By Spy Uganda Correspondent
Tensions between Israelis and Palestinians have escalated further as Palestinian militants in Gaza fired hundreds of rockets into Israel, which responded with ramped-up airstrikes on the coastal enclave, as unrest spread to cities and towns beyond Jerusalem.
As both sides traded airstrikes on Tuesday evening, Israeli Prime Minister Benjamin Netanyahu addressed the nation from Tel Aviv, saying, “We are in the midst of a significant operation.”
However the United Nations Secretary-General António Guterres said he was “gravely concerned” by the ongoing violence further calling upon both sides to calm down before the tensions turn into war.

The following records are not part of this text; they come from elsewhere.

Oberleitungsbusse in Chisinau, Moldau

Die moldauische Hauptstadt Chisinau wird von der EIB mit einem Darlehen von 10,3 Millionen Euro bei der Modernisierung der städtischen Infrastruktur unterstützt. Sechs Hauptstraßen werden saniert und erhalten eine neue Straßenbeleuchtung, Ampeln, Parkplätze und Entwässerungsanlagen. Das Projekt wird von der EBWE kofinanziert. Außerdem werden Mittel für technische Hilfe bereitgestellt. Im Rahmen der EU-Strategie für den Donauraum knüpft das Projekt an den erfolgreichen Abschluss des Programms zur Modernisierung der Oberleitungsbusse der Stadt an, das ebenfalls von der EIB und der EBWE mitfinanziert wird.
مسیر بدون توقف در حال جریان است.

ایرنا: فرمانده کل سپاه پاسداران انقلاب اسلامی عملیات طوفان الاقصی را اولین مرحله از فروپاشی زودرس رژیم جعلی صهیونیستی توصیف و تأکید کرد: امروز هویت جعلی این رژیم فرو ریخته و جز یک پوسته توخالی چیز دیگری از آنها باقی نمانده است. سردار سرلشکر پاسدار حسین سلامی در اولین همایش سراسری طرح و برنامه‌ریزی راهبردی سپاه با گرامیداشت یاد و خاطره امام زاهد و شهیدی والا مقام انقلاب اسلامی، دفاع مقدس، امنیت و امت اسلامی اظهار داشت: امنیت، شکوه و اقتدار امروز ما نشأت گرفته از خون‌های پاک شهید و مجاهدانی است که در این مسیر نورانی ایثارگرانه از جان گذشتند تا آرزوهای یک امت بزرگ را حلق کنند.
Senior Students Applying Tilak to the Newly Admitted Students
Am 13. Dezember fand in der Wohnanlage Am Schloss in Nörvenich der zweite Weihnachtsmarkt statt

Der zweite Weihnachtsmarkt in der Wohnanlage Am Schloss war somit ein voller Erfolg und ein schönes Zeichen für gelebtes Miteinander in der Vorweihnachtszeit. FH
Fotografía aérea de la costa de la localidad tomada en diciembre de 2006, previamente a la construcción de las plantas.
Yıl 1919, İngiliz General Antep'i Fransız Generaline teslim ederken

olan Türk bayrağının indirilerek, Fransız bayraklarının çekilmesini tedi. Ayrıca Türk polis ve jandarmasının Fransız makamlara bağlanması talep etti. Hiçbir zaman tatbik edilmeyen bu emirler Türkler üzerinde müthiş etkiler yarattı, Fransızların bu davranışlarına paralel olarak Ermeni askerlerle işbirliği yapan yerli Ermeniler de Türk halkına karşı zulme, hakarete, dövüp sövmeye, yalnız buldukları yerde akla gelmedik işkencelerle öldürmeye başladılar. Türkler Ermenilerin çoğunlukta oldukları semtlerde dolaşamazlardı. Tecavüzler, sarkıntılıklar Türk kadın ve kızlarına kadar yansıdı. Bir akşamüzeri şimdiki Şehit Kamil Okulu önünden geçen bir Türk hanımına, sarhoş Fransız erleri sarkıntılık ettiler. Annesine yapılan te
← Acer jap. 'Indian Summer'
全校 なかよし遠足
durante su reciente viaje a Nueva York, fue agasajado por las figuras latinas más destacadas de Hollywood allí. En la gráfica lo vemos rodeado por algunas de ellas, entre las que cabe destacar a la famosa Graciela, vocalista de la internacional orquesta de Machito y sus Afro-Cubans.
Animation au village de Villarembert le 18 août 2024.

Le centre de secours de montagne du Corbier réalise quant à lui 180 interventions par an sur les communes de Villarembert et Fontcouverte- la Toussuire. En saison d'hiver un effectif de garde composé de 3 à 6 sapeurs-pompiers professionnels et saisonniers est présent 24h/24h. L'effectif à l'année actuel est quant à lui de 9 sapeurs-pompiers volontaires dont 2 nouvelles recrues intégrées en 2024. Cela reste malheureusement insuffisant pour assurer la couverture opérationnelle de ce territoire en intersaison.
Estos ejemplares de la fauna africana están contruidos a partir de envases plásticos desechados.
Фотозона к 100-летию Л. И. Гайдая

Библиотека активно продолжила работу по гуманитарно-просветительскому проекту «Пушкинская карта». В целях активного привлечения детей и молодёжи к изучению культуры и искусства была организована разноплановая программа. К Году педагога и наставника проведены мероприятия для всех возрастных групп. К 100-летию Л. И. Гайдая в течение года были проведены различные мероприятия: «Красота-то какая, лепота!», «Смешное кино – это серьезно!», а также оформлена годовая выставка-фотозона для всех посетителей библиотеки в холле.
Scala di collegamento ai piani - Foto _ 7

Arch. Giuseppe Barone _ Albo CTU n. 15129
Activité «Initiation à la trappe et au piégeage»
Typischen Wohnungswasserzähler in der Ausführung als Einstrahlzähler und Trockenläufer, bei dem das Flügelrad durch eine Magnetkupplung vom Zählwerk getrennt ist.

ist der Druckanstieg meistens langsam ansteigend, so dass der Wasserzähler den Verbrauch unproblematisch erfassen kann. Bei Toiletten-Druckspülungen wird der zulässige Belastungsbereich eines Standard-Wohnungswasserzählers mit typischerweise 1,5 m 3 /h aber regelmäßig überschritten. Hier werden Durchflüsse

Israeli bombing raids across Gaza have killed at least 35 people, including 12 children, according to Palestinian health officials, who also said 220 people have been injured, as of Tuesday evening. The Israeli military said it had killed more than 15 militants.
Rockets were fired towards Tel Aviv in the early hours of Wednesday morning. Sirens could be heard warning of an impending attack around 3 a.m. local time. It was not immediately clear if there were any casualties.
In the town of Ashkelon, two people were killed by rocket fire Tuesday, according to an Israeli military spokesman. A third person died in the town of Rishon Lezion, south of Tel Aviv on Tuesday evening after a rocket attack, Israeli media reported citing the ZAKA emergency service.
The Israeli military said in a morning briefing Wednesday that a total of five Israeli civilians have now been killed since the start of the violent exchange of rocket fire and airstrikes between Gaza and Israel earlier this week.
A 13-story tower block in Gaza city collapsed on Tuesday night after it was hit by an Israeli airstrike, drawing vows of retaliation from militants.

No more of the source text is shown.